Modern RDBMS's have support for XML column types and functionality for dealing with XML in stored procedures. Historically I would always have mapped hierarchical data (whether of OO objects or XML) to relational tables. Given the widespread database support for XML should I change my ways?
views:
532answers:
11You can store user generated XML in there.
If a website like stackoverflow used some sort of XML markup instead of mark down you could store the question/answers as XML in the database. You might find yourself trying to parse this user generated XML looking for proprietary tags.
Let's say you have an entity that has attributes. You can store all those attributes in XML instead of creating a separate attribute table. The XML would be more flexible.
If you don't see the need then don't change!
Sometimes you have to persist data that does not have a known structure, or its structure is very volatile. In those cases, instead of creating a table, just save the XML into your existing table
Flexibility is one reason.
If the structure of your data can vary, then you can still keep a common RDBMS table, along with the queries, etc. that gor after it with the somewhat variably structured data.
If you need to add a field at some point, you can do so without changing your RDMS table structure, and thus not break everyone else's queries.

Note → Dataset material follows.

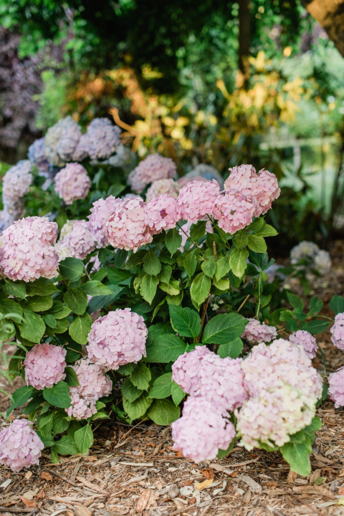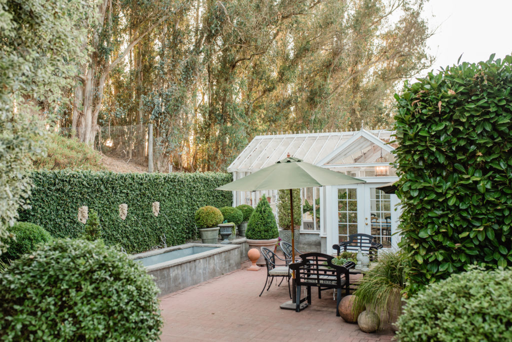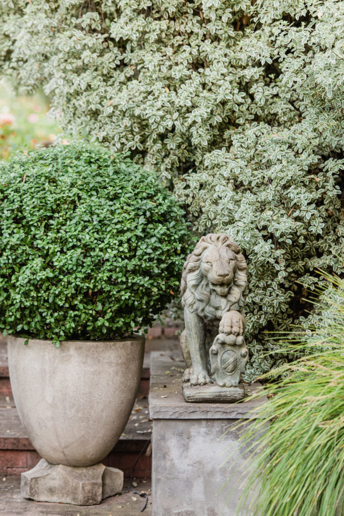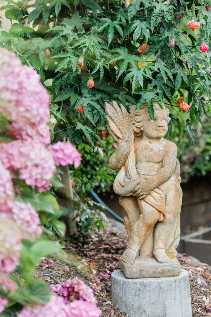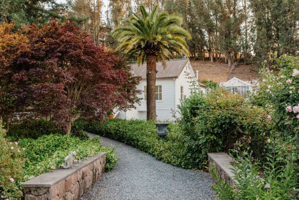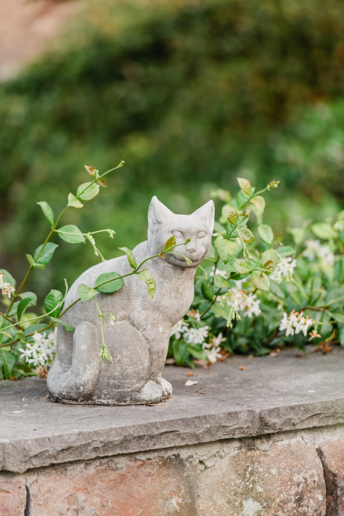 The main home, a little white cottage, now feels like a jewel box, surrounded by two acres of English country-style gardens with topiaries, boxwood hedges, seven fountains, and statuary — most charmingly, a series of ceramic cats. Exuberant color bursts out, with hydrangeas in the shade and climbing roses in the sun.

You can process XML data directly in SQL server. E.g. you can apply XPath expressions and just send the filtered result set to the client. SQL server features can build upon XML processing capabilities later.
The features above exist from MS SQL Server 2000 or 2005.
For example, you get XML documents from some other system, with very rich or complex structure that you want to store; but you only need a few well-defined queries to retrieve that data. In that case, just parse the data you need to generate some indexes, and store the whole XML structure in a single field.
To do that you don't need much XML-specific support on the DB engine, but it still helps to keep queries expressive.
Besides that, I'd guess some DMBS with good XML support could let you simply store the XML document, maybe without specifying how to index it. You just use XQuery and hope it somehow optimises to your needs.
I have a good real-life example. One of my clients receives an XML file from their suppliers very often with some important data. It is deeply nested. They need to compare it with the previous XML file to see what has changed. Without XML support in database, I had to build a tool that iterates through XML nodes and looks for matches in the tables of relational database. I could use some XML-XML comparison tool, but some of the checks relate to some other data that did not come from XML file and I need to join all that together. Ok, all of this is not that big deal, but still - with XML databases you get that functionality out-of-the-box.
Here is a real world example from a system I work on. We have a core system and create customer-specific code in java. A different class may be called depending on which customer is transacting. Sometimes this custom code needs to store something and we put it into an XML column in the relevant table. This saves us from modeling everything under the sun. Adding a new customer generally just means writing and installing the java code.
The downside is that reporting, querying and updates are more difficult on the XML column. There are none of the usual good database features like check constraints, etc.
I've not had the need to store XML so far, but I frequently use the ability to return XML from a stored procedure. It makes some things very useful - mainly reports. I can run a SP to generate the report, send back the results in XML, and then use XSLT to display the result on the site very easily.
I use the XML column type to stash a copy of all business-critical messages we receive from a third-party service. It's very handy for a few reasons.
1) In case of data corruption, we can back-trace to see what data came in when, and in what format.
2) Future development work on systems can be based on real data from the log table - just deserialise and use the data as if it came from a call to the 3p service
3) Makes sure the infrasructure guys are busy allocating disk space to the DB server. ;)
The only reason I would ever use it again is when for extensibility & flexibility.
The overhead of xml (xpath) and maintenance (namespaces) are really not worth the hassle if you can avoid it. We have previously stored large amounts of data in xml and used scalar functions to retrieve it, but it is too slow and causes immense headaches is the xml structure or namespace changes.
But the flexibility is fantastic. You can add new properties whenever you want, you can have project/client/job specific data in there which doesn't require proper columns. The XML does not have to be in a static structure - you simply need a factory which can spawn instances to deal with the different XML (which would need to be related to a project/client/job).
When adding a new table to an existing system, especially one that has a lot of existing data and can't easily be modified, I will add an XML column. In the future if I ever need to add another column to that table, I can simply utilise the XML column rather than being frustrated and having to do a lot of rework.
In summary, you don't start out by putting essential properties in XML. But you should add XML when you know that your table might need to be extended, precisely because it gives you the option of extending.